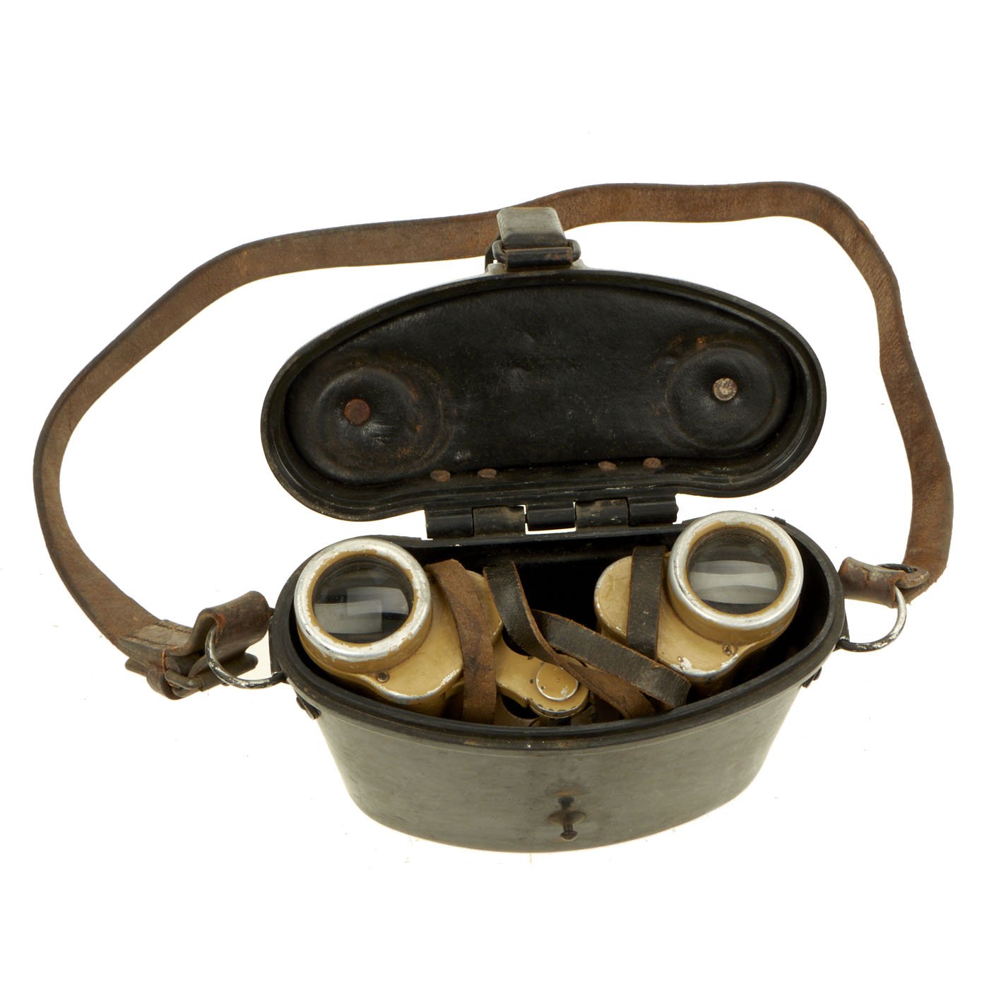 Overall a very nice example of the classic eye piece for German infantry officers during WWII, complete with a rare bakelite case! In great shape and ready to display, or even use!
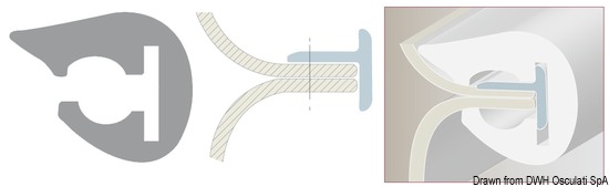 Profilo in PVC flessibile con supporto in PVC semi rigido. Prende facilmente qualsiasi piega. Adatto per scafi con giunzione a labbro, rotoli da 24 m. Ordine minimo 24 m per modello.
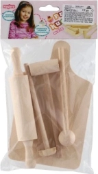 A szett minőségi fából készült, sima felülettel a kényelmes és biztonságos használatért. Az univerzális daraboknak – vágódeszka, sodrófa és klopfoló – köszönhetően a gyerekek könnyen utánozhatják az ételkészítést, és elsajátíthatják az alapvető konyhai tevékenységeket.
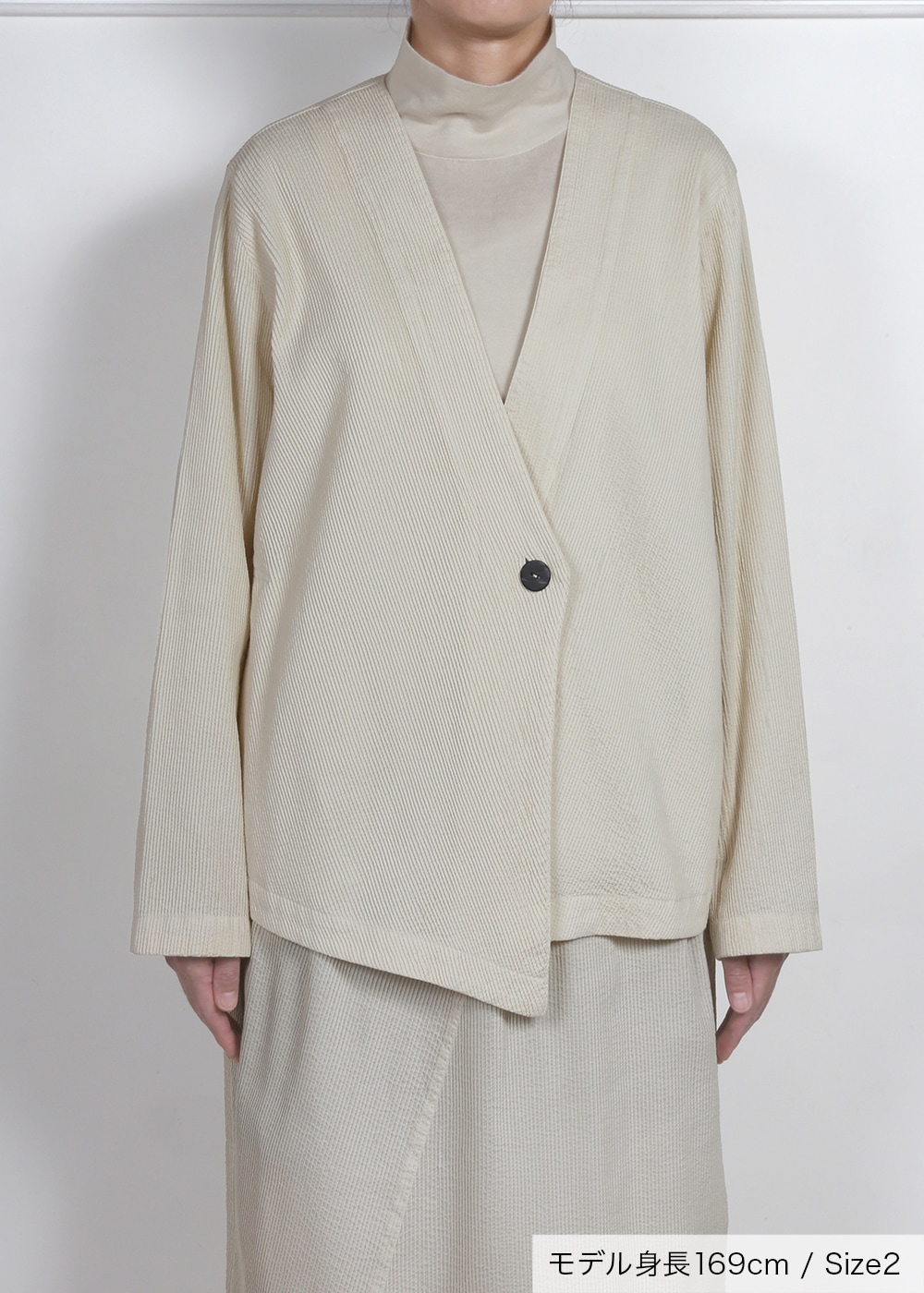 マイクロピンタックの美しさと迫力を堪能できる、リッチで上品なセットアップ。シャープな斜めのエッジを強調した深いVネックと、アシンメトリーのヘムデザインがモードなジャケットは、フォーマルシーンにも対応可能。 すっきりとしたミニマルなつくりで、ボリュームボトムとも合わせやすく、着まわしの幅が広いアイテムです。 同シリーズのスカートと組み合わせると、スタイリッシュなIラインシルエットのスーツに。
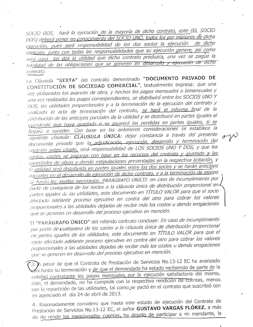 Realizadas consultas a varios juristas del departamento, afirmaron que los hechos mencionados en una demanda civil en forma directa o a través de abogado, a quien se le ha conferido poder, se entienden expuestos bajo la gravedad de juramento, por lo que concluyen que, en ese proceso civil, el alcalde ha confesado su participación en “la adjudicación, ejecución, desarrollo y terminación del contrato”, es decir, entre el actual alcalde y el ingeniero Gustavo Vargas.
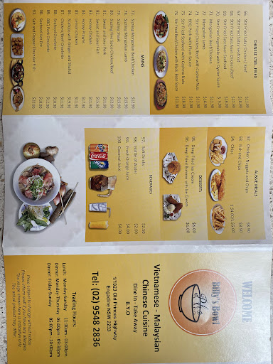 I have eaten Pho, all over Sydney, I can't get enough of the stuff. I am afraid the quality of what we have right here in Engadine at Billy's Bowl might be lost on many of those who haven't tried it before and aren't sure what that mysterious bowl might contain. Even if you are a meat and 3 veg. type, give it a go. We have the best here in Engadine and if you try it at Billy's Bowl you won't be sorry. That isn't to mention all the other fine dishes that they have at Billy's Bowl. There is a huge menu that covers most, if not all your favourite Asian dishes. I still have to try many of them. Why? Because, even when I have made up my mind try something else. I order the Pho, but the chicken wings are great, five spice pork rolls, satay and sang choy bow are all delicious. Service is professional, staff are wonderful. About time we had something more than just sweet and sour and fried rice, here. Thanks guys for bringing the best of Asian cuisine to us in Engadine. See...
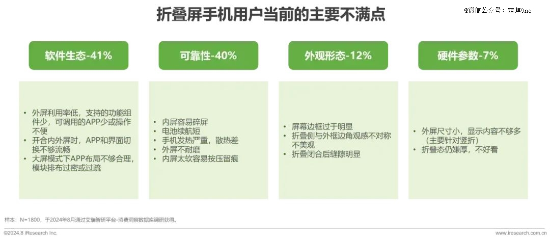艾瑞咨询2024年9月发布的报告显示,用户对于折叠屏手机的担忧主要包括软件生态、可靠性、外观形态、硬件参数四方面。其中,最 大的不满在于软件生态,可以简单理解为APP和屏幕不完全适配。
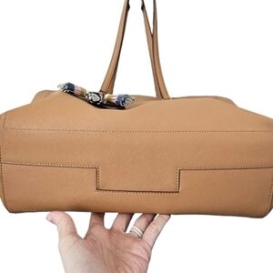 Tory Burch Tan Robinson Tote Bag w/ Extra Bag Charm
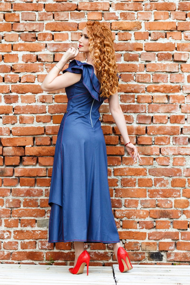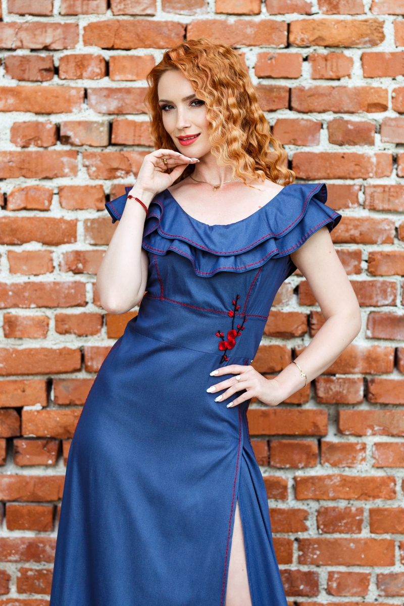 Спортно-елегантна рокля NELITA с харбалета. Дълга елегантна рокля с множество къдри при деколтето.
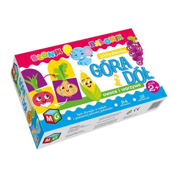 Słonik Balonik wychodzi naprzeciw potrzebom najmłodszych. Dzięki zastosowaniu dużych elementów z wysokiej jakości grubej tektury, dzieci z łatwością je chwytają, ćwicząc małą motorykę. Kolorowe obrazki rozbudzają w maluchach wyobraźnię, a zróżnicowane zadania świetnie wpływają na ich rozwój. "UKŁADANKA GÓRA I DÓŁ: OWOCE I WARZYWA" to przyjemna zabawa dla maluchów i ich rodziców. Układaj uśmiechnięte warzywa, pamiętaj tylko, żeby się nie pomylić! Dopasuj górę marchewki do jej dołu. Ojej! A płacząca cebula? Przecież powinna mieć na głowie szczypiorek, a nie natkę! Proste i miłe dla oka ilustracje nie rozpraszają uwagi dziecka, dzięki czemu zabawa rozwija zdolność kojarzenia, dobierania w pary i spostrzegawczość. Kolorowe tła układanek ułatwiają ułożenie całej ilustracji. Elementy są wykonane z grubej tektury, a dzięki obłym kształtom całość jest przyjazna nawet dla małych dzieci.
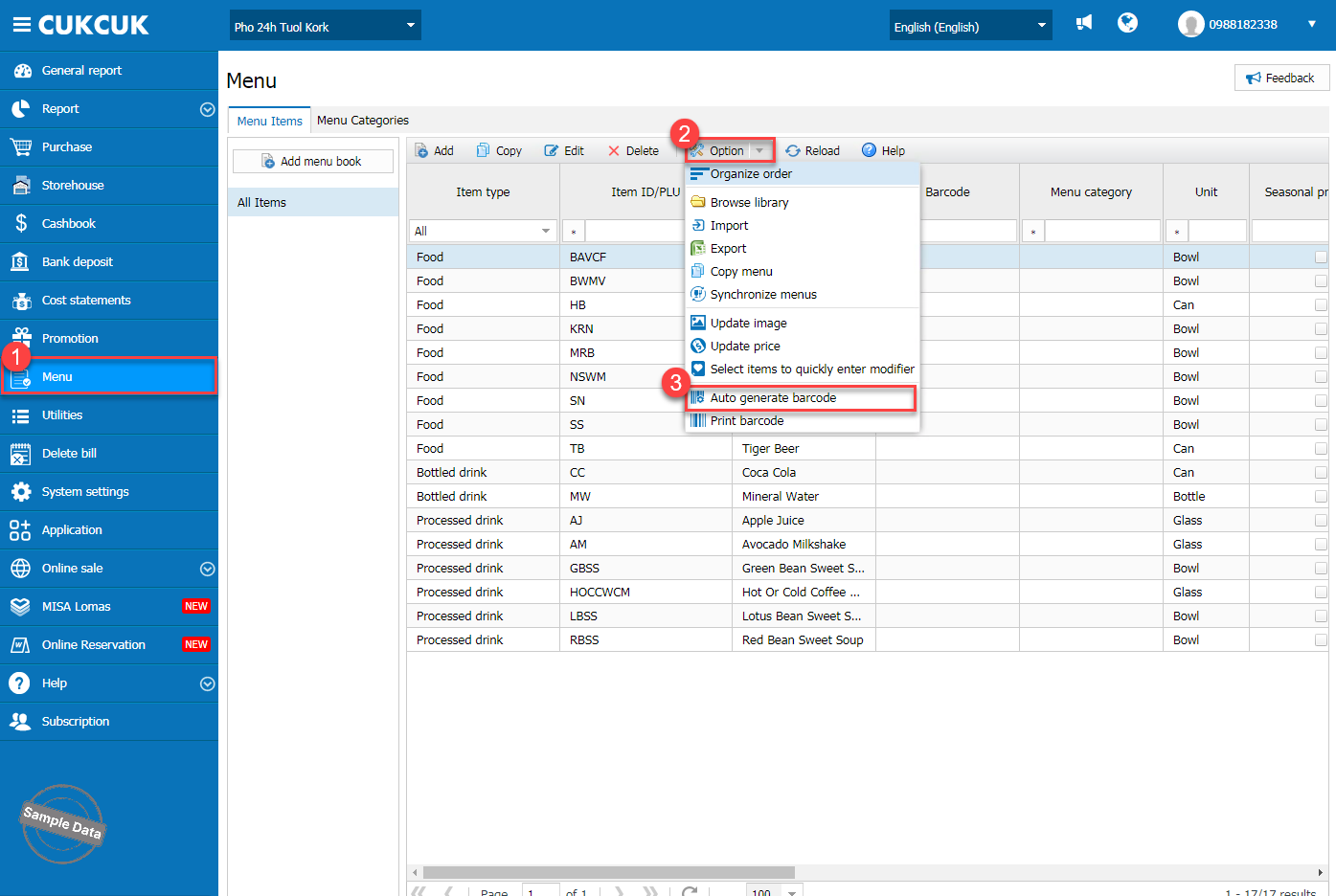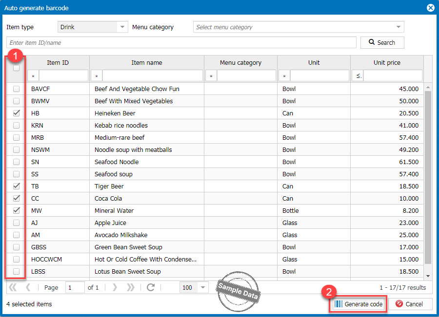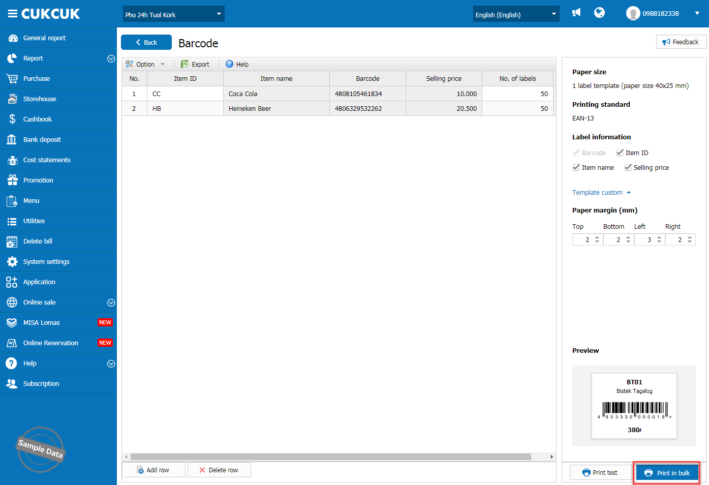 On the management page, go to System settings/General settings. On Purchase/Sale tab, click Edit on Sale part and check Manage items by barcode. Then, click Save.

---------------

# Exercise instructions:
Copy all the material exactly; omit images.

# Result for this exercise:
 Overall a very nice example of the classic eye piece for German infantry officers during WWII, complete with a rare bakelite case! In great shape and ready to display, or even use!
 Profilo in PVC flessibile con supporto in PVC semi rigido. Prende facilmente qualsiasi piega. Adatto per scafi con giunzione a labbro, rotoli da 24 m. Ordine minimo 24 m per modello.
 A szett minőségi fából készült, sima felülettel a kényelmes és biztonságos használatért. Az univerzális daraboknak – vágódeszka, sodrófa és klopfoló – köszönhetően a gyerekek könnyen utánozhatják az ételkészítést, és elsajátíthatják az alapvető konyhai tevékenységeket.
 マイクロピンタックの美しさと迫力を堪能できる、リッチで上品なセットアップ。シャープな斜めのエッジを強調した深いVネックと、アシンメトリーのヘムデザインがモードなジャケットは、フォーマルシーンにも対応可能。 すっきりとしたミニマルなつくりで、ボリュームボトムとも合わせやすく、着まわしの幅が広いアイテムです。 同シリーズのスカートと組み合わせると、スタイリッシュなIラインシルエットのスーツに。
 Realizadas consultas a varios juristas del departamento, afirmaron que los hechos mencionados en una demanda civil en forma directa o a través de abogado, a quien se le ha conferido poder, se entienden expuestos bajo la gravedad de juramento, por lo que concluyen que, en ese proceso civil, el alcalde ha confesado su participación en “la adjudicación, ejecución, desarrollo y terminación del contrato”, es decir, entre el actual alcalde y el ingeniero Gustavo Vargas.
 I have eaten Pho, all over Sydney, I can't get enough of the stuff. I am afraid the quality of what we have right here in Engadine at Billy's Bowl might be lost on many of those who haven't tried it before and aren't sure what that mysterious bowl might contain. Even if you are a meat and 3 veg. type, give it a go. We have the best here in Engadine and if you try it at Billy's Bowl you won't be sorry. That isn't to mention all the other fine dishes that they have at Billy's Bowl. There is a huge menu that covers most, if not all your favourite Asian dishes. I still have to try many of them. Why? Because, even when I have made up my mind try something else. I order the Pho, but the chicken wings are great, five spice pork rolls, satay and sang choy bow are all delicious. Service is professional, staff are wonderful. About time we had something more than just sweet and sour and fried rice, here. Thanks guys for bringing the best of Asian cuisine to us in Engadine. See...
艾瑞咨询2024年9月发布的报告显示,用户对于折叠屏手机的担忧主要包括软件生态、可靠性、外观形态、硬件参数四方面。其中,最 大的不满在于软件生态,可以简单理解为APP和屏幕不完全适配。
 Tory Burch Tan Robinson Tote Bag w/ Extra Bag Charm
 Спортно-елегантна рокля NELITA с харбалета. Дълга елегантна рокля с множество къдри при деколтето.
 Słonik Balonik wychodzi naprzeciw potrzebom najmłodszych. Dzięki zastosowaniu dużych elementów z wysokiej jakości grubej tektury, dzieci z łatwością je chwytają, ćwicząc małą motorykę. Kolorowe obrazki rozbudzają w maluchach wyobraźnię, a zróżnicowane zadania świetnie wpływają na ich rozwój. "UKŁADANKA GÓRA I DÓŁ: OWOCE I WARZYWA" to przyjemna zabawa dla maluchów i ich rodziców. Układaj uśmiechnięte warzywa, pamiętaj tylko, żeby się nie pomylić! Dopasuj górę marchewki do jej dołu. Ojej! A płacząca cebula? Przecież powinna mieć na głowie szczypiorek, a nie natkę! Proste i miłe dla oka ilustracje nie rozpraszają uwagi dziecka, dzięki czemu zabawa rozwija zdolność kojarzenia, dobierania w pary i spostrzegawczość. Kolorowe tła układanek ułatwiają ułożenie całej ilustracji. Elementy są wykonane z grubej tektury, a dzięki obłym kształtom całość jest przyjazna nawet dla małych dzieci.
 On the management page, go to System settings/General settings. On Purchase/Sale tab, click Edit on Sale part and check Manage items by barcode. Then, click Save.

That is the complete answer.